Edinburgh's own Camera Obscura

City
So after the school work and societies, there is still lots of time to explore the city. (Perhaps a blog post brought to us by the sound 's'?) Living in the middle of a UNESCO World Heritage Centre has its benefits. With winding alleys and buildings seeped in history every way you look, just wandering around Old Town provides hours of entertainment. There are also many world class museums and galleries with free entry that I definitely haven't taken advantage of.

Another beautiful feature of Edinburgh is the massive park smack in the middle of the city! Holyrood Park is always great for a stroll about and offers some of the best views of the city. Here are some photos from a few jaunts up Arthur's Seat and the Salisbury Crags (more here).


The gentle stroll up Arthur's Seat.


This panorama is a snippet of the view of the city from the Salisbury Crags.

On one outing, I walked around the Scottish Parliament - a very controversial building that's been slagged for its unique design and blown-up costs (which totalled £414.4m, about 10 times the initial guesstimates). Lots of people complain about the modern architecture, especially when compared to some of the ancient buildings around Old Town. Personally, I'm a fan.

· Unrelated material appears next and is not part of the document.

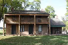The Broadwell Tavern was built in 1824 by innkeeper and land developer John Broadwell as an investment in the Springfield area. The businessman sensed that the nearby county seat of Springfield would grow and its residents would need to travel in and out. On the American frontier in the 1830s, a tavern typically doubled as a logistics center. The drivers of slow-moving, horse-drawn drays needed a place to spend the night where their horses could be fed and watered. Illinois law required taverns to provide these services as condition of receiving a license to serve alcohol by the drink. Although the hospitality of the Broadwell Tavern was never luxurious, the tavern's fireplaces kept the brick tavern warm, and glass windows helped encourage the guests to get up early and resume their journeys. The tavern was built in a vernacular Federal style.[2]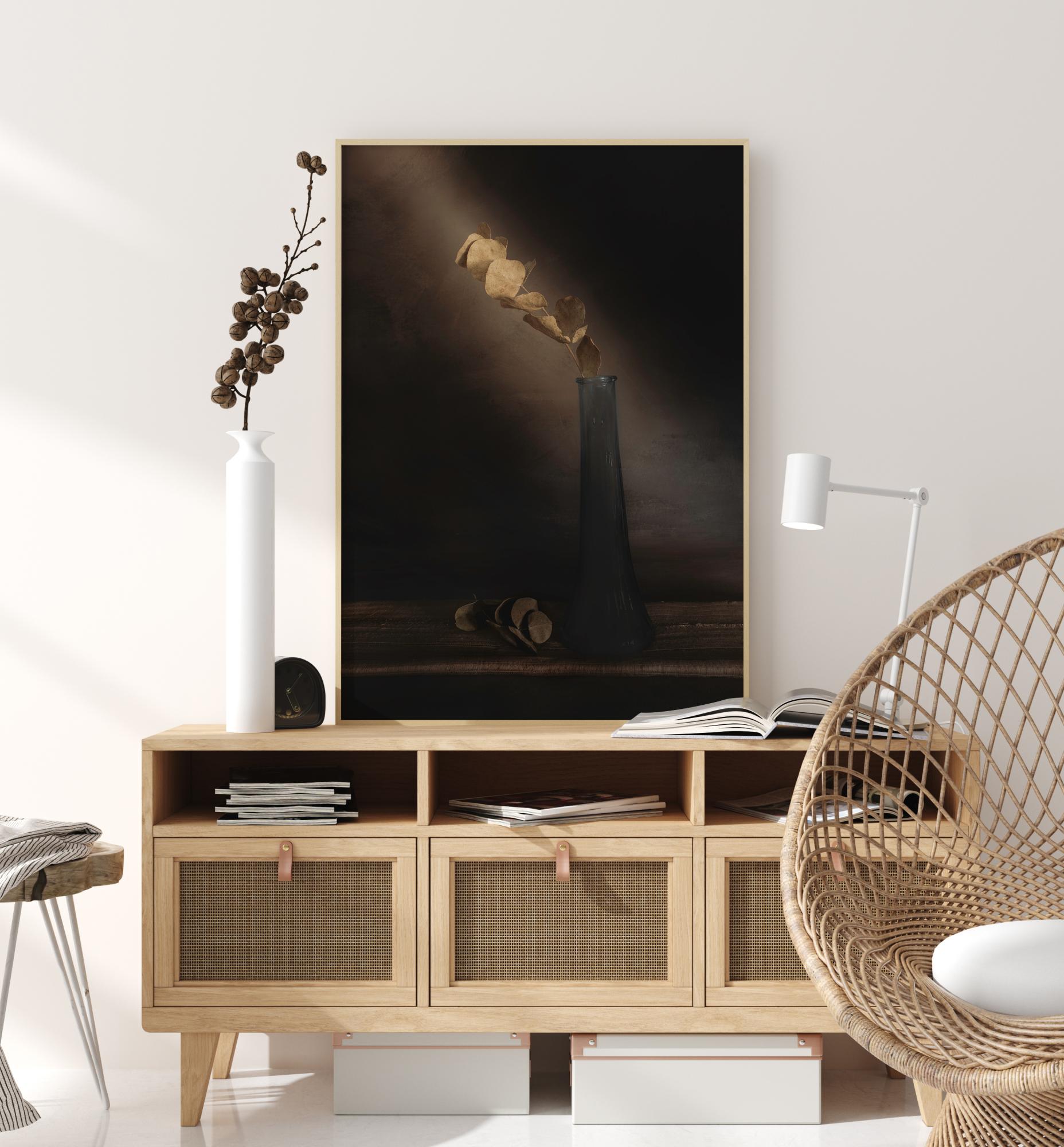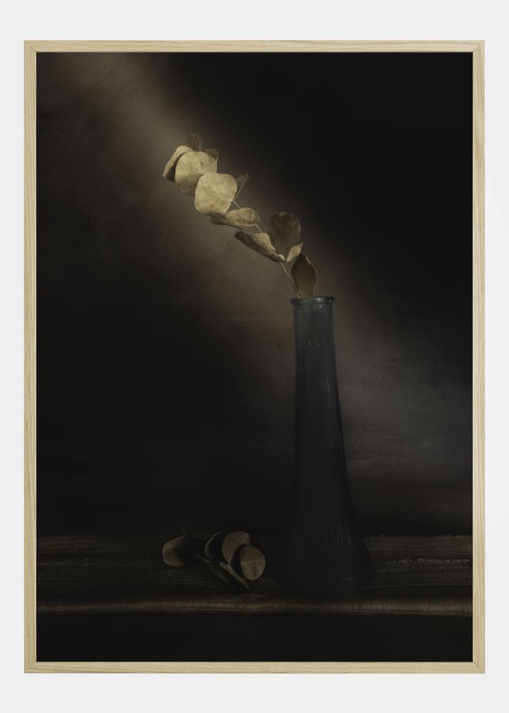 Egy egyszerű, de gyönyörű nyomat egy üveg vázában lévő szárított levelekkel díszített szárról. Világosbarna háttér előtt a természetes fény közvetlenül a szárított fűre vetül. A kép alján egy levélgyűjtemény található, amely lehullott a szárról. Egy csodálatos poszter, amely békés környezetben függeszthető fel.

With no educated commentary to add, I will simply say that I think it's pretty and am very much looking forward to doing a tour to learn about the finer details (green roofs and material primarily sourced from within Scotland!).


Cooking
With a father who can cook up a storm in minutes using whatever is found in the fridge, I've been lucky enough to have a steady stream of nutritious and delicious food entering my stomach without having to flex a single culinary muscle. That has obviously changed since September and I'm happy to report that I have not been living out of cans and pizza boxes. I've been sticking to pretty simply things and like to cook larger batches that will feed me for a few meals. (Tip: poaching an entire chicken can keep one person fed for a good chunk of the week. Thanks for the recipe, brother!) While the food that comes out of my microwave/oven/grill (yes, all three in one unit!) or off of my two little burners may not be as tasty as going out to eat or the make-brain-think-substance-is-delicious flavourings often found in packaged stuff, spending time on carefully selecting and preparing definitely makes me appreciate my food.

Overall, the city is a beautiful place to live. Not so big that you feel overwhelmed but not so small that it's lacking in things to do. And for a city of this size, Edinburgh is disgustingly rich in things to do and see... lucky for me!